**DATA PROVIDED:**
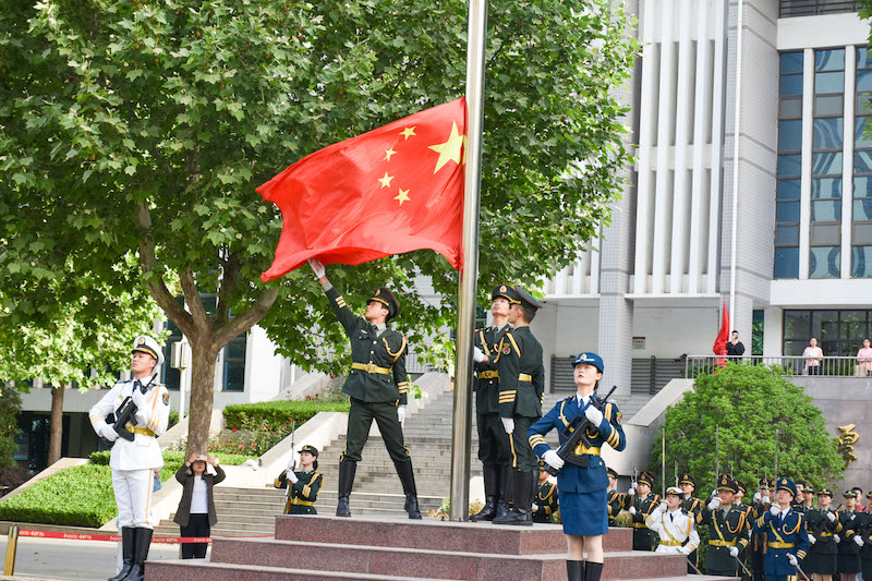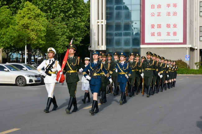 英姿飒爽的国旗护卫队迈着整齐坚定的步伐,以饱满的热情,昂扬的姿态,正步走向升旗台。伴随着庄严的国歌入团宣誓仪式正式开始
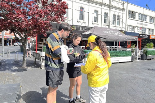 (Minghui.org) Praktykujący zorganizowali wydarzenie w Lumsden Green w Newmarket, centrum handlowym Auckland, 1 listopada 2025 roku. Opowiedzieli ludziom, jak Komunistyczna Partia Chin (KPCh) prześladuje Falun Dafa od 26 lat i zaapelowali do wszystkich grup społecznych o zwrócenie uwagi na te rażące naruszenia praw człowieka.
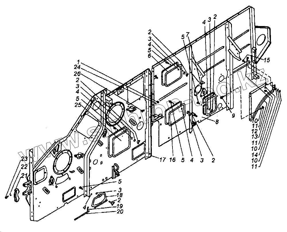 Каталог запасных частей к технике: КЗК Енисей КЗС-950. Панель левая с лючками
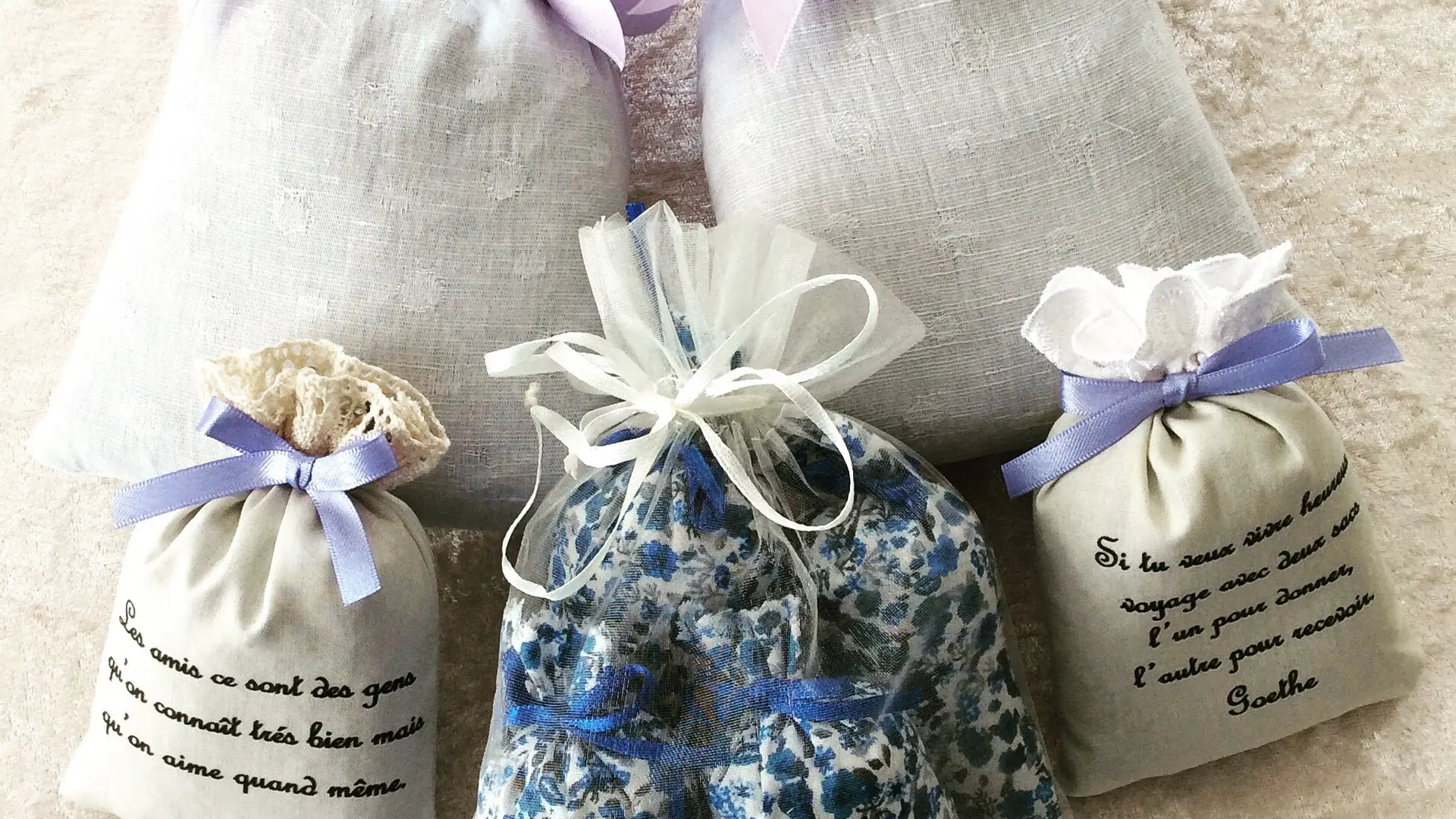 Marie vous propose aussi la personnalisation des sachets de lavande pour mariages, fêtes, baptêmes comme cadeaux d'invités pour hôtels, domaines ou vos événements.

**INSTRUCTIONS FOR THE TASK:** Copy out all the data above exactly, pictures excluded.

**ANSWER SPACE:**
 英姿飒爽的国旗护卫队迈着整齐坚定的步伐,以饱满的热情,昂扬的姿态,正步走向升旗台。伴随着庄严的国歌入团宣誓仪式正式开始
 (Minghui.org) Praktykujący zorganizowali wydarzenie w Lumsden Green w Newmarket, centrum handlowym Auckland, 1 listopada 2025 roku. Opowiedzieli ludziom, jak Komunistyczna Partia Chin (KPCh) prześladuje Falun Dafa od 26 lat i zaapelowali do wszystkich grup społecznych o zwrócenie uwagi na te rażące naruszenia praw człowieka.
 Каталог запасных частей к технике: КЗК Енисей КЗС-950. Панель левая с лючками
 Marie vous propose aussi la personnalisation des sachets de lavande pour mariages, fêtes, baptêmes comme cadeaux d'invités pour hôtels, domaines ou vos événements.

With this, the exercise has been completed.